Con los ojos fijos en Venturelli, alguien que no supe reconocer, arrancó el auto. Una paleta de violetas oscuros brillaba en la oscuridad, mientras yo me sumergía plácidamente en los tonos dorados que brotaban del traje de Venturelli cuando las farolas, en la velocidad del auto, se abalanzaban sobre él como balas, y la calle como un túnel, flanqueado por edificios y luz, tanta luz... Tanta, dibujándose como el eje de una rueda, y pese a que el telón donde giraba era gris y negro, esta vibraba como una pincelada espesa, que después de años de estar seca, se raspa con una navaja para que el color regrese luminoso.

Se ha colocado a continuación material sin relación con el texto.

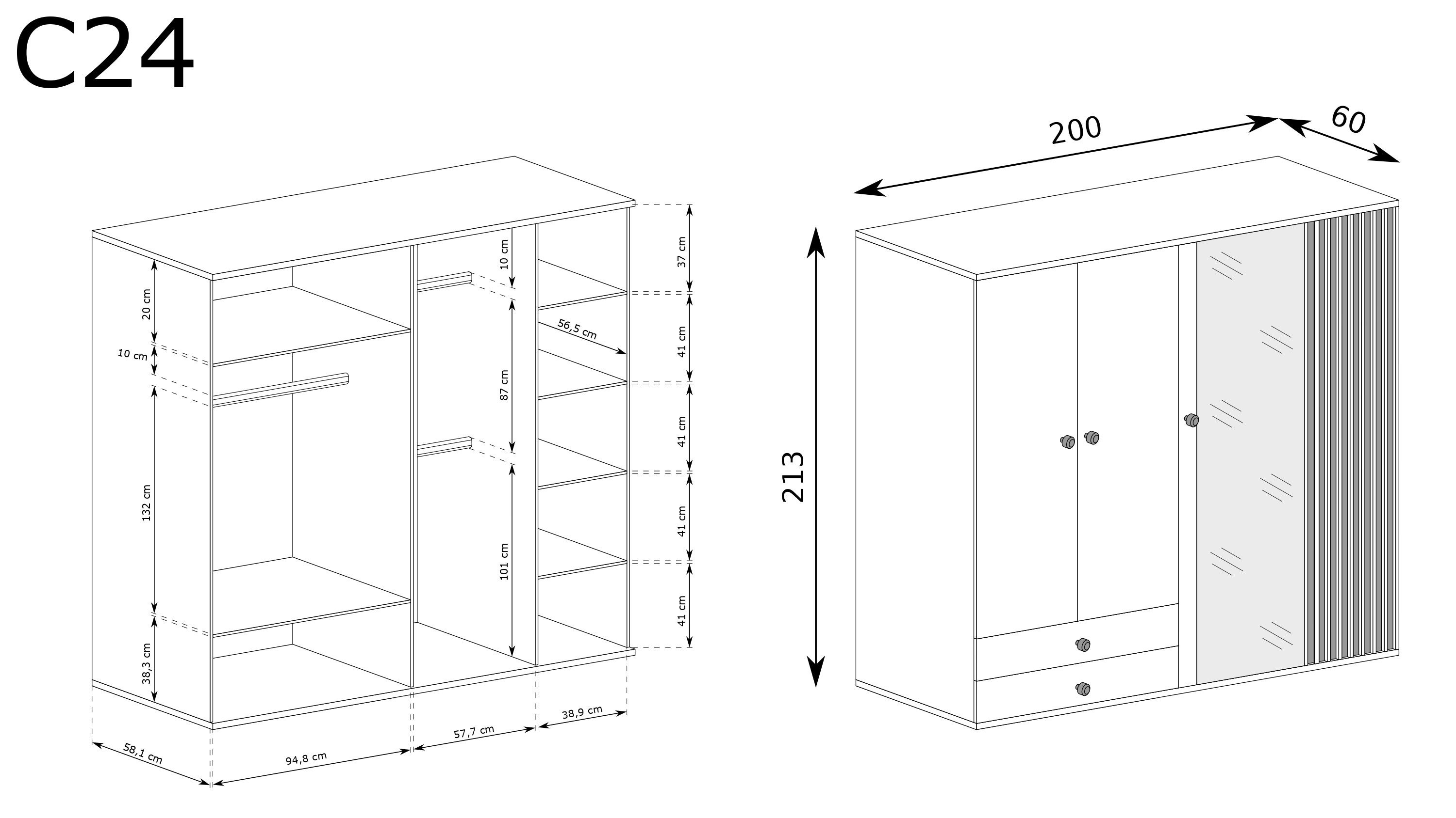 Szafa CALI-24 została starannie zaprojektowana, aby w maksymalny sposób wykorzystać przestrzeń, oferując jednocześnie wiele miejsca do przechowywania. Jej pojemne wnętrze umożliwia uporządkowanie ubrań oraz dodatków, co przylega do estetyki i praktyczności, której wszyscy szukamy w meblach. Dodatkowo, cichy domyk zawiasów sprawia, że korzystanie z szafy staje się komfortowe i bezproblemowe.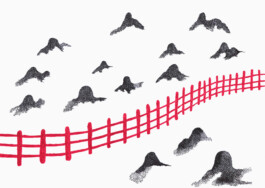 5 Zeichnungen aus der Serie Haus, Baum und Zaun, 2011 / 12, Aquarellierbarer Filzstift, Tusche auf Papier, 30 × 40 cm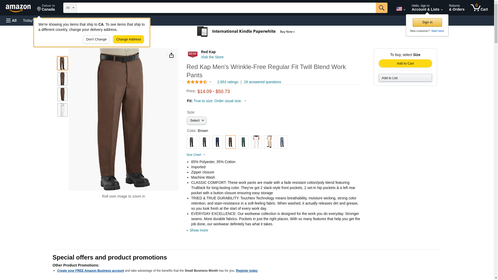 Red Kap Men's Wrinkle-Free Work Pants, Brown, 33W x 32L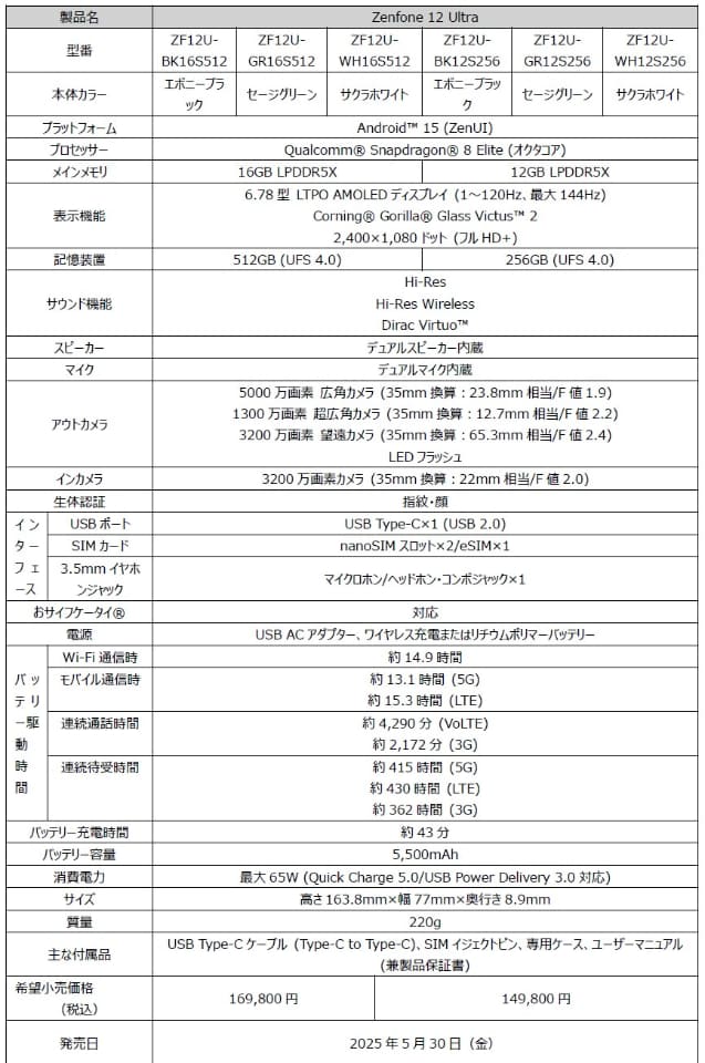 ASUS JAPANは28日、SIMフリースマートフォン「Zenfone 12 Ultra」を5月30日に発売すると発表した。価格は14万9800円~。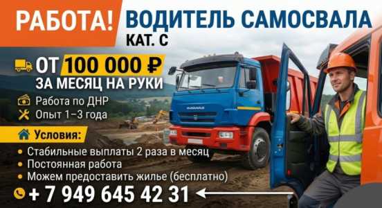Водитель самосвала от 100 000 ₽ за месяц на руки Полная занятость Обязанности: Работа на свежем самосвале, Проверка...

La curva de las calles, zigzagueantes, y todo lograba estamparse en el gris como niebla perforada por el viento. Los ojos de Venturelli se iban cerrando poco a poco pero yo le hablé, en el torbellino que sentía, no sé qué le dije, quizá conjuré algún maleficio que lo iba alejando cada vez más. Sentía que mi boca articulaba palabras, pero no podía escucharlas. El apretón de manos de Venturelli llegó a dolerme, sus uñas clavándose en mi piel, mi palma sobre su herida. Su sangre en hilillos, con el color crepuscular. Seguíamos sosteniéndonos la mirada, conscientes de que el mundo se reducía a eso.
Tanta belleza. Tanta luz. ¿A eso se reduce la felicidad? ¿La vida siempre nos enseñará que lo que sentimos está sujeto a mejoría, a experimentar el más extremo destino donde nuestro espíritu solo recogerá imágenes y secretos, creyendo que siempre debe estar buscando algo más?